*Assigned task*: Line by line, set down all the data below exactly, omitting any picture.
Start of Block
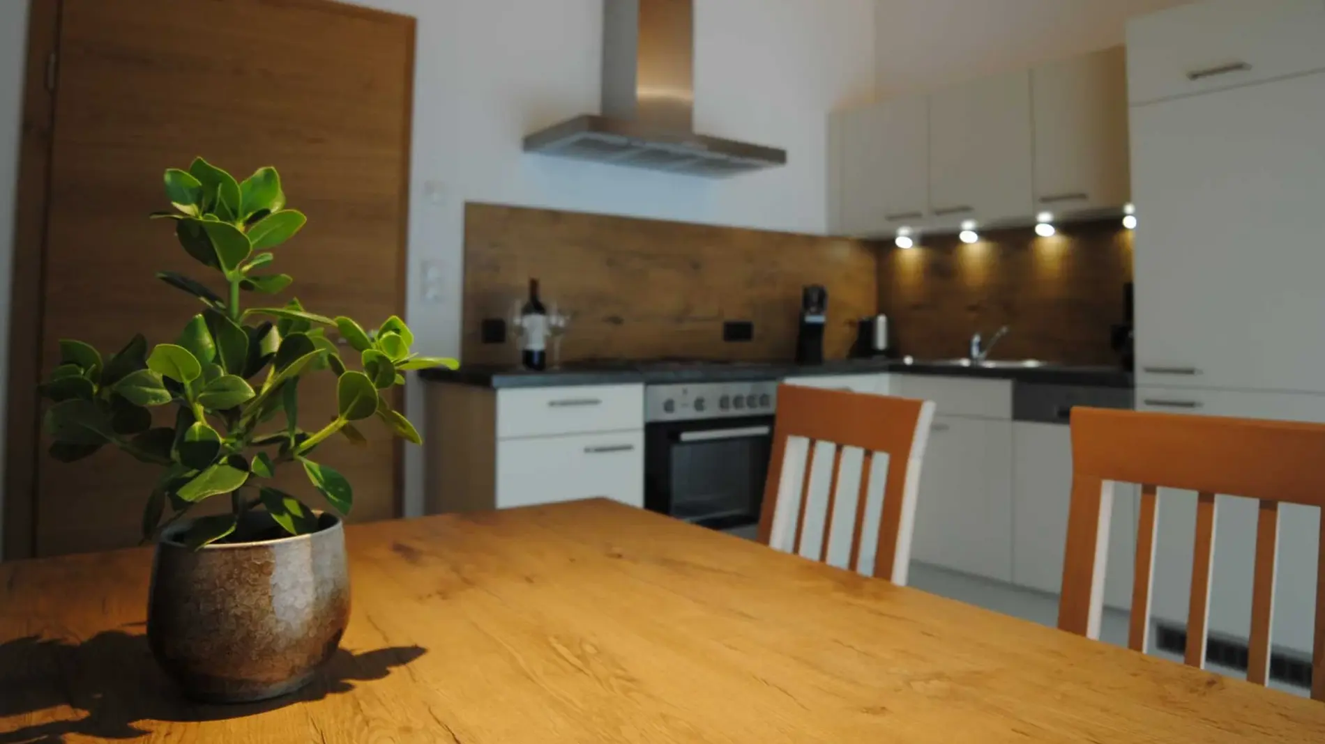 NEUES Appartement mit 2 Doppelzimmer mit jeweils einem Badezimmer mit Dusche/WC, voll ausgestattete Wohnküche (Cerankochfeld, Backrohr, Kühlschrank mit Gefrierfach, Filter-Kaffeemaschine, Geschirrspüler uvm.) und gemütlichem Essbereich mit Flat-TV, Zugang zum Ostbalkon und Westbalkon mit herrlicher Aussicht auf Sölden. Größe ca.60 m².
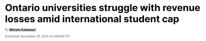 联邦政府于2024年1月宣布削减并封顶国际学生数量,导致全省多所大学和学院面临招生和收入危机。
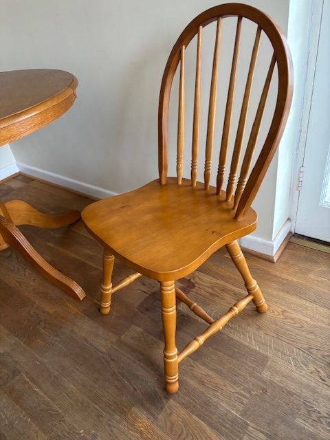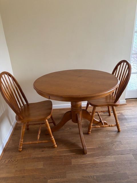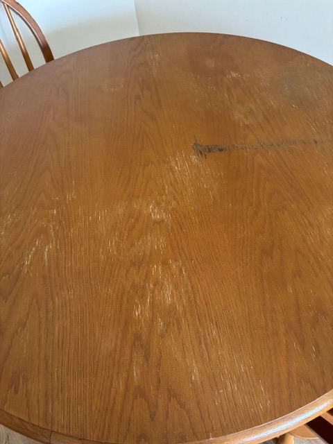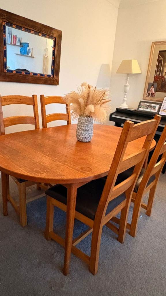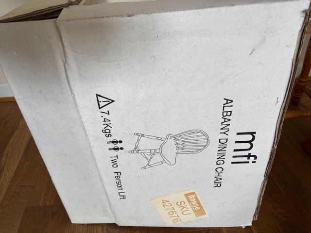 MFI Albany wooden table and chairs. 2 chairs are still unused in the boxes. Table marked but am sure this could be sanded away.
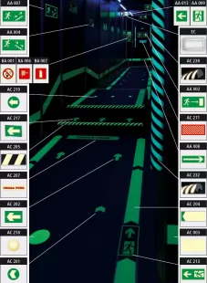 Fotoluminescencyjny znak samoprzylepny wykonany z poliwęglanu stosowany do wyznaczania drogi ewakuacyjnej i wskazywania jej kierunku.
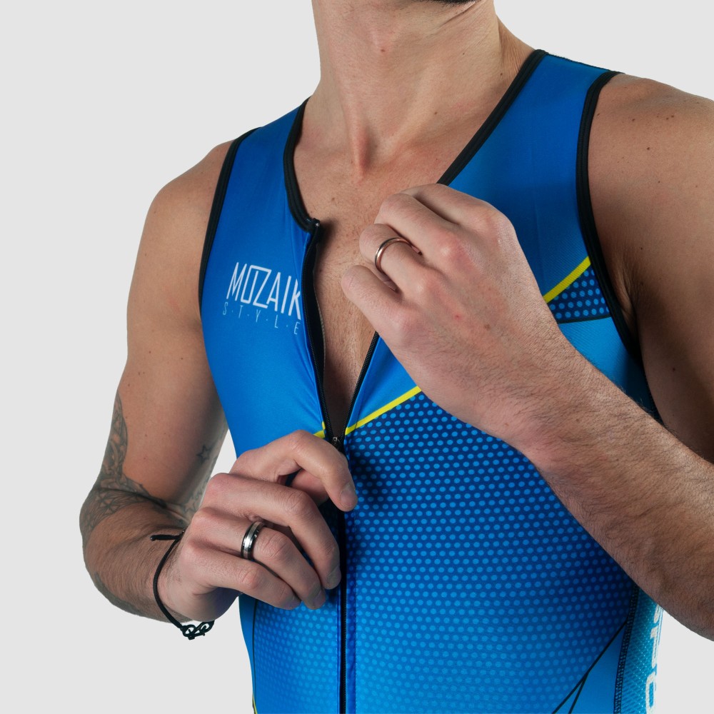 ARMOS propose une collection MOZAIK Style pour la performance. Cette trifonction est à la fois confortable et rapide. Elle évacue parfaitement la transpiration grâce à son tissu aéré sur les côtés. Son lycra sèche rapidement dès la sortie de l’eau. La peau très fine est adaptée pour les courtes distances et ne retient pas l’eau après la natation. Cette magnifique trifonction est idéale pour les distances du XS au M.
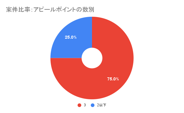 案件のアピールポイント(最大3つ)を3つとも書いている案件は、2つ以下の案件に比べ10ポイント近く成約率が高くなっています(アピールポイントが3つの案件の成約率:46.2%、2つ以下の案件:36.8%)。
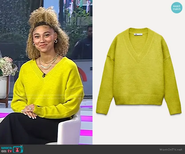 Ally Love on Today on NBC was spotted wearing this yellow v-neck sweater on Today on Jan 15 2025's episode. Ally's Sweater is the Soft Knit Sweater in Lime green by Zara.
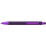 Golyóstoll gumis bevonattal és UV színű részletekkel, érintővel, kék tollbetéttel. ABS, PP műanyag, szilikon, vas.
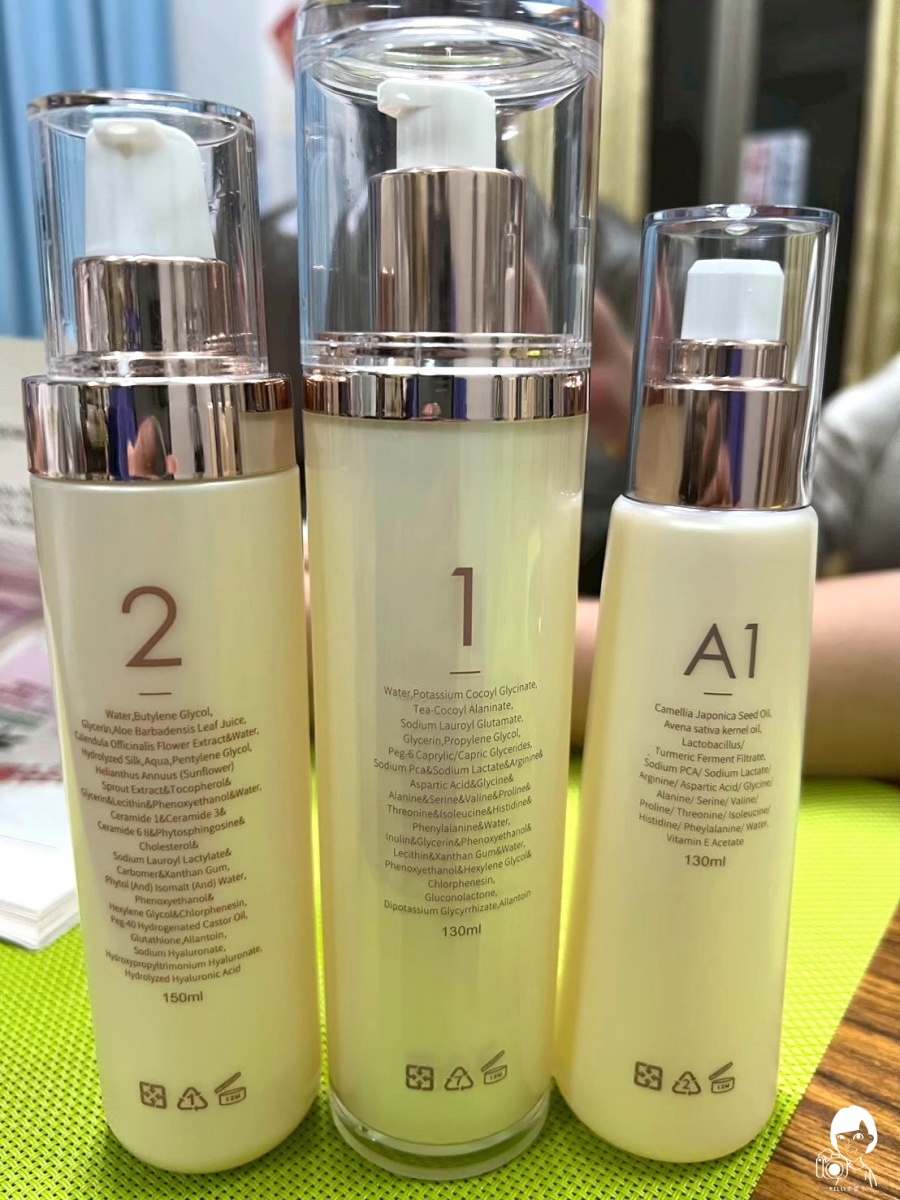 ▼做臉當天美容老師先幫我進行臉部的洗卸和化妝水溫和保養,使用的是【A1淨透煥彩卸妝油、1清透淨化潔顏露、2平衡水樣柔膚露】,洗臉的過程可以感受到保養品很溫和,保養品的質地很親膚又好推開~
End of Block
*Exercise answer*:
 NEUES Appartement mit 2 Doppelzimmer mit jeweils einem Badezimmer mit Dusche/WC, voll ausgestattete Wohnküche (Cerankochfeld, Backrohr, Kühlschrank mit Gefrierfach, Filter-Kaffeemaschine, Geschirrspüler uvm.) und gemütlichem Essbereich mit Flat-TV, Zugang zum Ostbalkon und Westbalkon mit herrlicher Aussicht auf Sölden. Größe ca.60 m².
 联邦政府于2024年1月宣布削减并封顶国际学生数量,导致全省多所大学和学院面临招生和收入危机。
 MFI Albany wooden table and chairs. 2 chairs are still unused in the boxes. Table marked but am sure this could be sanded away.
 Fotoluminescencyjny znak samoprzylepny wykonany z poliwęglanu stosowany do wyznaczania drogi ewakuacyjnej i wskazywania jej kierunku.
 ARMOS propose une collection MOZAIK Style pour la performance. Cette trifonction est à la fois confortable et rapide. Elle évacue parfaitement la transpiration grâce à son tissu aéré sur les côtés. Son lycra sèche rapidement dès la sortie de l’eau. La peau très fine est adaptée pour les courtes distances et ne retient pas l’eau après la natation. Cette magnifique trifonction est idéale pour les distances du XS au M.
 案件のアピールポイント(最大3つ)を3つとも書いている案件は、2つ以下の案件に比べ10ポイント近く成約率が高くなっています(アピールポイントが3つの案件の成約率:46.2%、2つ以下の案件:36.8%)。
 Ally Love on Today on NBC was spotted wearing this yellow v-neck sweater on Today on Jan 15 2025's episode. Ally's Sweater is the Soft Knit Sweater in Lime green by Zara.
 Golyóstoll gumis bevonattal és UV színű részletekkel, érintővel, kék tollbetéttel. ABS, PP műanyag, szilikon, vas.
 ▼做臉當天美容老師先幫我進行臉部的洗卸和化妝水溫和保養,使用的是【A1淨透煥彩卸妝油、1清透淨化潔顏露、2平衡水樣柔膚露】,洗臉的過程可以感受到保養品很溫和,保養品的質地很親膚又好推開~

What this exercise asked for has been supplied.